◆ **Work required**
Nothing should be left out. Give all the data again exactly as written.

◆ **Available data**

+++++

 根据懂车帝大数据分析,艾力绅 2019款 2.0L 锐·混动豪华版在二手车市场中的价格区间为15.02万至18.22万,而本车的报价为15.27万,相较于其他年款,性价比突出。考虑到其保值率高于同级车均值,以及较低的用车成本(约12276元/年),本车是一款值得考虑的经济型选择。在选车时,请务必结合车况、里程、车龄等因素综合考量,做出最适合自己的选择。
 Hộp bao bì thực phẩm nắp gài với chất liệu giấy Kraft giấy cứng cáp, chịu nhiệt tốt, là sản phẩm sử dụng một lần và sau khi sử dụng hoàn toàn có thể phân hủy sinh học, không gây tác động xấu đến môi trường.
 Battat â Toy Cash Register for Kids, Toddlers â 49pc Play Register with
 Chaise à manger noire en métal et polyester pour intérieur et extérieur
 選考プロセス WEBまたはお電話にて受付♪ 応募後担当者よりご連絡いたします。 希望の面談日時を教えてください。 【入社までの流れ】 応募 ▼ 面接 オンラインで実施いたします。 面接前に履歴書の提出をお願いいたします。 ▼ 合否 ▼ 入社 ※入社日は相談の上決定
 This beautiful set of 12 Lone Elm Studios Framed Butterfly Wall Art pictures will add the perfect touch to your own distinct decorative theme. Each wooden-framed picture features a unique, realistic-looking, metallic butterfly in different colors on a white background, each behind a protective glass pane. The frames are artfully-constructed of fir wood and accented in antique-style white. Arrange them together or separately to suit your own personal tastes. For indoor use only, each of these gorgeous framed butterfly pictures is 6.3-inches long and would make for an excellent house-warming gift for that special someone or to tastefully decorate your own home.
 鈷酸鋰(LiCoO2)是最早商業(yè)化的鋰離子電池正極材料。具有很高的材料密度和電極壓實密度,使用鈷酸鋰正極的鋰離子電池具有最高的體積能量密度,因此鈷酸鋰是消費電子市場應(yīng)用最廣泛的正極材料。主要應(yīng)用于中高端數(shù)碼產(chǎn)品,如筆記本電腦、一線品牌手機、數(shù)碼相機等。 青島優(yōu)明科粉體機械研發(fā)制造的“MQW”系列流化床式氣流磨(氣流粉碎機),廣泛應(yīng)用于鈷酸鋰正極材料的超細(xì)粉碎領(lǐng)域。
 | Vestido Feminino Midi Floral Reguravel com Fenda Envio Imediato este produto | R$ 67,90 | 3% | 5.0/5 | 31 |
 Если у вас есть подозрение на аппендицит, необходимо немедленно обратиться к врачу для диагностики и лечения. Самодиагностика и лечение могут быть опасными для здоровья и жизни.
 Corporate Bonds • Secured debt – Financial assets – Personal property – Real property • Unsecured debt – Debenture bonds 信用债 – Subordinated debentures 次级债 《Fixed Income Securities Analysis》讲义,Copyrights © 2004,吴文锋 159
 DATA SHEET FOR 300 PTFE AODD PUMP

+++++

◆ **Solution**
 根据懂车帝大数据分析,艾力绅 2019款 2.0L 锐·混动豪华版在二手车市场中的价格区间为15.02万至18.22万,而本车的报价为15.27万,相较于其他年款,性价比突出。考虑到其保值率高于同级车均值,以及较低的用车成本(约12276元/年),本车是一款值得考虑的经济型选择。在选车时,请务必结合车况、里程、车龄等因素综合考量,做出最适合自己的选择。
 Hộp bao bì thực phẩm nắp gài với chất liệu giấy Kraft giấy cứng cáp, chịu nhiệt tốt, là sản phẩm sử dụng một lần và sau khi sử dụng hoàn toàn có thể phân hủy sinh học, không gây tác động xấu đến môi trường.
 Battat â Toy Cash Register for Kids, Toddlers â 49pc Play Register with
 Chaise à manger noire en métal et polyester pour intérieur et extérieur
 選考プロセス WEBまたはお電話にて受付♪ 応募後担当者よりご連絡いたします。 希望の面談日時を教えてください。 【入社までの流れ】 応募 ▼ 面接 オンラインで実施いたします。 面接前に履歴書の提出をお願いいたします。 ▼ 合否 ▼ 入社 ※入社日は相談の上決定
 This beautiful set of 12 Lone Elm Studios Framed Butterfly Wall Art pictures will add the perfect touch to your own distinct decorative theme. Each wooden-framed picture features a unique, realistic-looking, metallic butterfly in different colors on a white background, each behind a protective glass pane. The frames are artfully-constructed of fir wood and accented in antique-style white. Arrange them together or separately to suit your own personal tastes. For indoor use only, each of these gorgeous framed butterfly pictures is 6.3-inches long and would make for an excellent house-warming gift for that special someone or to tastefully decorate your own home.
 鈷酸鋰(LiCoO2)是最早商業(yè)化的鋰離子電池正極材料。具有很高的材料密度和電極壓實密度,使用鈷酸鋰正極的鋰離子電池具有最高的體積能量密度,因此鈷酸鋰是消費電子市場應(yīng)用最廣泛的正極材料。主要應(yīng)用于中高端數(shù)碼產(chǎn)品,如筆記本電腦、一線品牌手機、數(shù)碼相機等。 青島優(yōu)明科粉體機械研發(fā)制造的“MQW”系列流化床式氣流磨(氣流粉碎機),廣泛應(yīng)用于鈷酸鋰正極材料的超細(xì)粉碎領(lǐng)域。
 | Vestido Feminino Midi Floral Reguravel com Fenda Envio Imediato este produto | R$ 67,90 | 3% | 5.0/5 | 31 |
 Если у вас есть подозрение на аппендицит, необходимо немедленно обратиться к врачу для диагностики и лечения. Самодиагностика и лечение могут быть опасными для здоровья и жизни.
 Corporate Bonds • Secured debt – Financial assets – Personal property – Real property • Unsecured debt – Debenture bonds 信用债 – Subordinated debentures 次级债 《Fixed Income Securities Analysis》讲义,Copyrights © 2004,吴文锋 159
 DATA SHEET FOR 300 PTFE AODD PUMP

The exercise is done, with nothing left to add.